The exterior niches that now stand at San Jose University are now being created into mosaics in the SPARC gallery. A ton of glass (500 lbs) has been specially ordered from Cuernavaca, Mexico, the original factory that produced Siqueiros’s mosaic tile. Each exterior niche stands 4ft X 9ft tall and is a representation of Dolores Huerta, Gandhi, and a female and male farm worker from Salinas Valley. The mosaics will be completed this year. For more information on visiting the SPARC gallery as the mosaic production progresses please contact us a info@sparcmurals.org.

IMAGE EXPLANATIONS

The arch’s main mural depicts a contemplative Chavez over the fields of California, where the great boycotts took place. In the sky, Chavez’s meeting with Robert Kennedy during his great fast (accompanied by his wife and his mother) is highlighted, as fasting was a cornerstone to his philosophy of non-violence. Also in the sky, the virgin Guadalupe is also blessing his actions. Finally, a calaca (skeleton-skull) is depicted to represent the deaths resulting from the pesticide clouds being sprayed in the fields.
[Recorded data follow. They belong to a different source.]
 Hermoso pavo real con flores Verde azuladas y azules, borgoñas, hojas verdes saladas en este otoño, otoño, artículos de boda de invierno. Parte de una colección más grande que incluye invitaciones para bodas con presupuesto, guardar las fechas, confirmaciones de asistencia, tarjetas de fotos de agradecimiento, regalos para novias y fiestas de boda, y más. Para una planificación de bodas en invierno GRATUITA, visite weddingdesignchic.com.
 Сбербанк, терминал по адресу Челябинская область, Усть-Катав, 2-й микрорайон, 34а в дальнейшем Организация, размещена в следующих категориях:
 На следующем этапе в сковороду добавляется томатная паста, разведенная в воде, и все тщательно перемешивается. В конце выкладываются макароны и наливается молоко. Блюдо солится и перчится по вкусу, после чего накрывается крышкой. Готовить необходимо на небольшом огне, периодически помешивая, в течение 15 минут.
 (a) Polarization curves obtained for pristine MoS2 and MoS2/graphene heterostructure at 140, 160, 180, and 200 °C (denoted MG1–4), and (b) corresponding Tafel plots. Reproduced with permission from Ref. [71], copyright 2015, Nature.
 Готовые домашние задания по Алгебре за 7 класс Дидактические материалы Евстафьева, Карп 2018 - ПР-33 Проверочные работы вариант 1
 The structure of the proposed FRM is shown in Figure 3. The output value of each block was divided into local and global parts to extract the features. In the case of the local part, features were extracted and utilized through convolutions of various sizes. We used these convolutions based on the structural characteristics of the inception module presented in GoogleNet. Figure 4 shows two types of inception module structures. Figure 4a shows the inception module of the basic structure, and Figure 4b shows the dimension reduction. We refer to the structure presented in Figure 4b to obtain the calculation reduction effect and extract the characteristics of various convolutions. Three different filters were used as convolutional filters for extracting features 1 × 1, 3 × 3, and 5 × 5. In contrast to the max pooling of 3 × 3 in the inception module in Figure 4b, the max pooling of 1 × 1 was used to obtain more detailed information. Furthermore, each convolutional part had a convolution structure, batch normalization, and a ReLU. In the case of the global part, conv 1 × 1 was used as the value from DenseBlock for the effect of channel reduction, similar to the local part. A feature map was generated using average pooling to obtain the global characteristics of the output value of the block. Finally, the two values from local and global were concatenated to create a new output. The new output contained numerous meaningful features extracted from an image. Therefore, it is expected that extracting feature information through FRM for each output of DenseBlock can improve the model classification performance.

“A word as to the education of the heart. We don’t believe that this can be imparted through books, it can only be imparted through the loving touch of the teacher.” -César E. Chávez

The concept of the Monument is to commemorate Chavez through his ideals rather than to create a traditional European approach to a fallen soldier or important personage through a bust or bronze statute. It is not his personality that is to be remembered but his ideals and beliefs carried out in his actions to improve the conditions of the campesino, which inspired so many to join his efforts to achieve social justice. A key element to the monument is to teach the next generation how to choose to live a life in the center of your values and beliefs as Cesar Chavez did. Modeled on a Mayan corbelled arch with rounded mission arches, this site pays tribute to Chavez’s respective Spanish and indigenous roots. This arch is placed at the opposite site of the small plaza to necessitate pedestrian passage through its opening which will encompass the viewer with images of Chavez’s life inside the arch.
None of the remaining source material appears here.